I-DBPs were more genotoxic and cytotoxic than their chlorinated and brominated analogues (Richardson et al. 2008), while iodinated phenolic DBPs were more toxic than iodinated aliphatic DBPs (Hu et al. 2018, Liu and Zhang 2014, Pan et al. 2016b). Cytotoxicity of 2,4,6-triiodophenol to human hepatoma cells HepG2 was 10.7 times higher than that of triiodomethane (TIM) (Hu et al. 2018). Developmental toxicity of iodinated phenolic DBPs to embryos of a polychaete P. dumerilii was 50 - 200 times higher than that of iodinated aliphatic DBPs (Pan et al. 2016b). Toxicity of 2,4,6-triiodophenol and 4-iodophenol to a marine alga was as much as 76.3 and 16.2 times higher than that of iodoacetic acid, respectively (Liu and Zhang 2014). Since the detection frequency of iodinated phenolic DBPs increased in tap water and wastewater, finding methods to eliminate their toxicity is important.
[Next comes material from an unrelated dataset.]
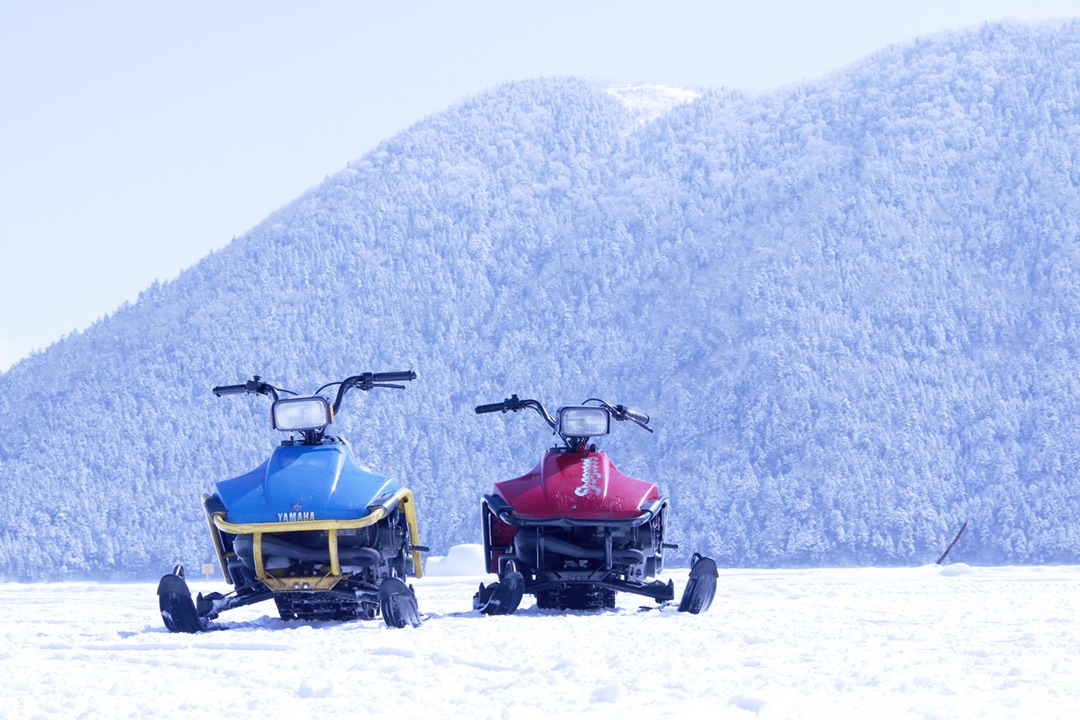 SNOW MOBILE ตั้งแต่เวลา 9.00-16.00 น. (2 กม. 2,000 เยน / 1 กม. 1000 เยน)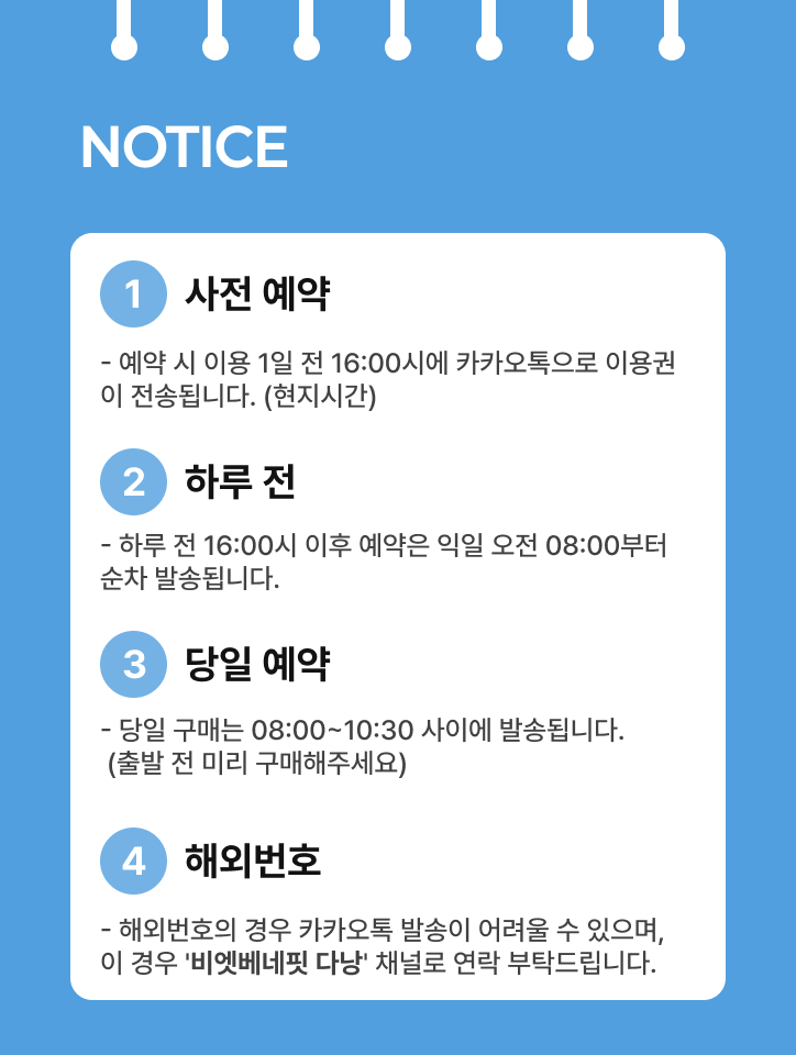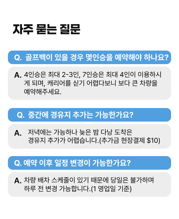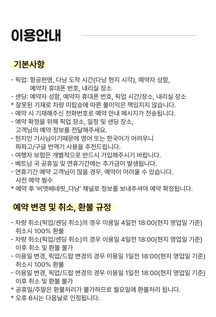 * 정확한 픽업 시간은 예약 확정 후 안내 드립니다.

Previous studies reported the transformation of brominated and chlorinated phenolic DBPs during chlorination and the transformation of iodinated phenolic DBPs during chloramination (Gong et al. 2017, Hu et al. 2018, Jiang et al. 2020, Jiang et al. 2017, Nunez-Gaytan et al. 2010, Zhai and Zhang 2011). Chlorinated and brominated phenolic DBPs formed in the chlorination of source water and these phenolic DBPs acted as intermediate compounds to further react with HOCl to generate trihalomethanes and haloacetic acids (Jiang et al. 2020, Jiang et al. 2017, Nunez-Gaytan et al. 2010, Zhai and Zhang 2011). In order to control the formation of regulated DBPs, chloramine was used as disinfectant instead of HOCl. However, study reported that 2,4,6-triiodophenol was finally converted into iodinated aliphatic DBPs during chloramination treatment, and cytotoxicity of the water sample increased significantly after chloramination (Hu et al. 2018). In the chlorination of wastewater and source water, iodinated phenolic DBPs were often detected. So far, transformation of iodinated phenolic DBPs during chlorination including products, reaction pathways and the variation of toxicity had not been revealed. Exploring the underlying mechanism could provide useful information for optimizing chlorine disinfection and controlling its negative impacts. 2,4,6-Triiodophenol was one of the most frequently detected iodinated phenolic DBPs and 2-iodophenol and 4-iodophenol may experience electrophilic substitution by active iodine (HOI) to be converted into 2,4-diiodophenol and 2,4,6-triiodophenol. Meanwhile, 2-iodophenol and 4-iodophenol were also frequently detected iodinated phenolic DBPs (Gong et al. 2017, Liberatore et al. 2017). Herein, 2-iodophenol, 4-iodophenol and 2,4,6-triiodophenol were selected as model compounds to study their transformation mechanism in the reaction with HOCl in terms of reaction kinetics, transformation pathways, and variation of acute toxicity.